Strasbourg : Silence, on meurt.


 

À ma sœur, à tous les soignants, toutes les soignantes et aux patient(e)s qui meurent dans l’anonymat.

Ma sœur, toi et moi nous parlons rarement de nos sentiments.  

La pudeur d’une éducation où se dire « je t’aime » était inconsciemment proscrit, à la limite sous-entendu et encore.
Je me rends compte que je te connais si peu en fait.
Ce ne sont pas les réunions de famille occasionnelles du dimanche, les fêtes de fin d’année ou les anniversaires qui me permettront de lire tes états d’âme à cœur ouvert, tes déceptions, ta colère ou ta tristesse.  
Je regrette de ne pas t’avoir consacré plus de temps et de ne pas avoir pris de tes nouvelles beaucoup plus régulièrement.
Hier, au début de la nuit, quelque chose d’inexplicable me poussa à la faire.  
Un SMS rapide pour savoir comment se déroule ton quotidien d’aide-soignante dans cet EHPAD du Haut-Rhin durant l’épidémie de coronavirus.
J’étais loin d’imaginer ce qu’il se passe dans ce bâtiment fermé aux visiteurs actuellement.
Une prison pour personnes âgées où le secret est de mise, où l’omerta règne afin de ne pas révéler l’horreur au grand public.
 Tout ça me semble si abstrait, comme les images de guerre en Syrie au journal télévisé qui paraissent si lointaines, anonymes,  détachées de ma réalité de privilégié.
Avec tes mots, tu m’as mis une claque d’une violence insupportable.

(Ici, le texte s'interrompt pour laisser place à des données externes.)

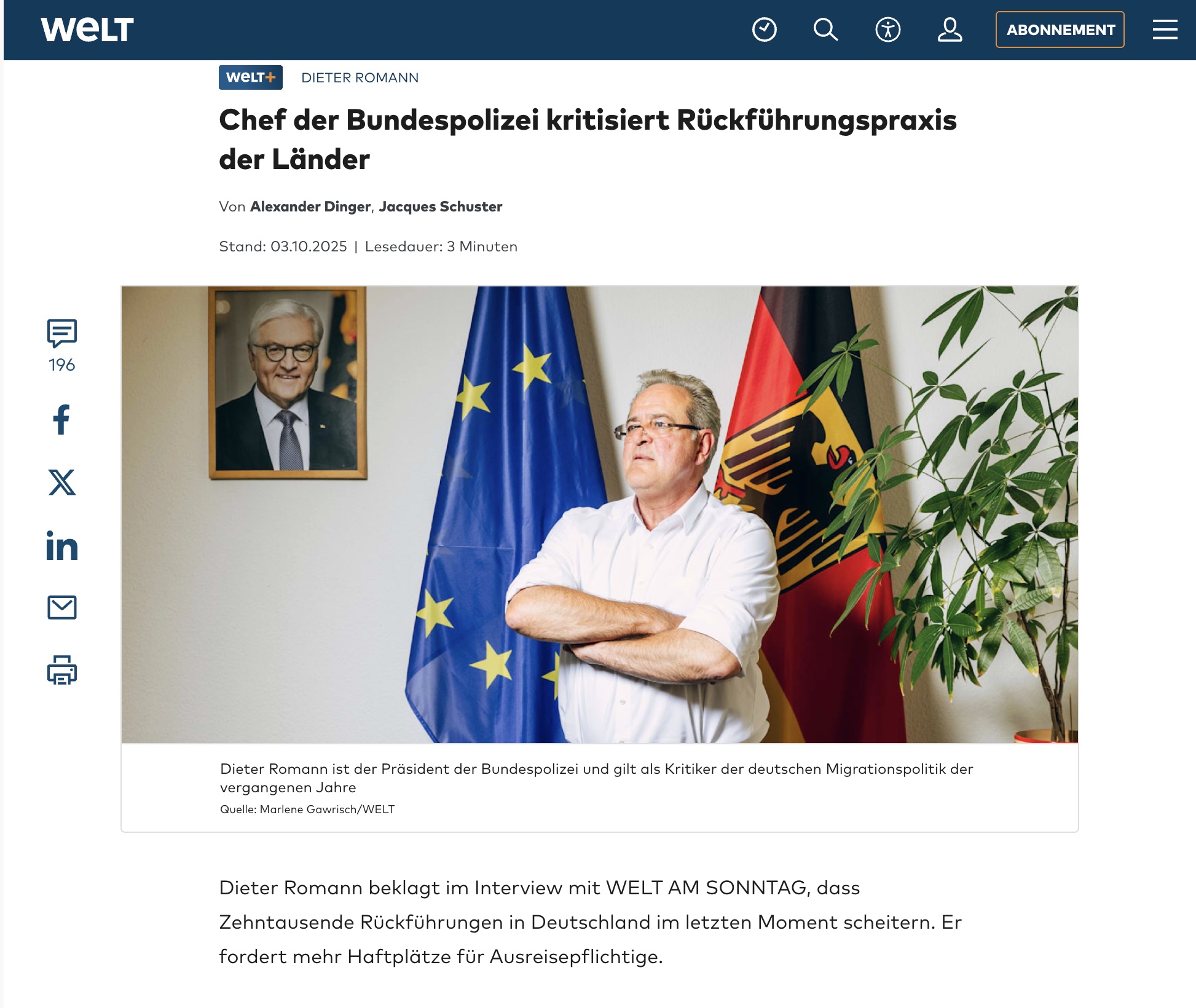 Almanya Federal Polis Başkanı Dieter Romann,Almanya’daki sınır dışı sistemini sert şekilde eleştirdi: 2024’te 30.000’den fazla işlem, polis müdahale edemeden iptal edildi.

Tu venais de finir ta journée de travail dans cet établissement en manque de personnel bien avant cette actualité mortuaire.  
Le stock de masques et de gants ne permet plus à tous les membres de ton équipe d’aller rencontrer les résidents sans avoir la certitude de ne pas contracter ou de ne pas transmettre le virus.
Trois de tes collègues sont contaminées mais continuent de travailler parce que comme tu le dis avec empathie, s’ils n’y vont plus, qui va s’occuper des fantômes recouverts d’un drap blanc dans ce mouroir.  
Les uns après les autres, dans l’indifférence la plus totale, ces papys et mamies disparaissent, sans leurs familles, sans pouvoir dirent au revoir, sans avoir le soulagement de quitter la folie de ce monde en tenant la main d’un mari, d’une femme ou d’un enfant. 

« Tu sais ce qui va me rester ? Le visage et le regard d’une mamie avec le covid, en train de désaturer malgré l’oxygène et qui me dit « j’ai peur » et qui meurt trente minutes plus tard. Voilà, c’est ça nos journées. Je vais essayer de dormir un peu. »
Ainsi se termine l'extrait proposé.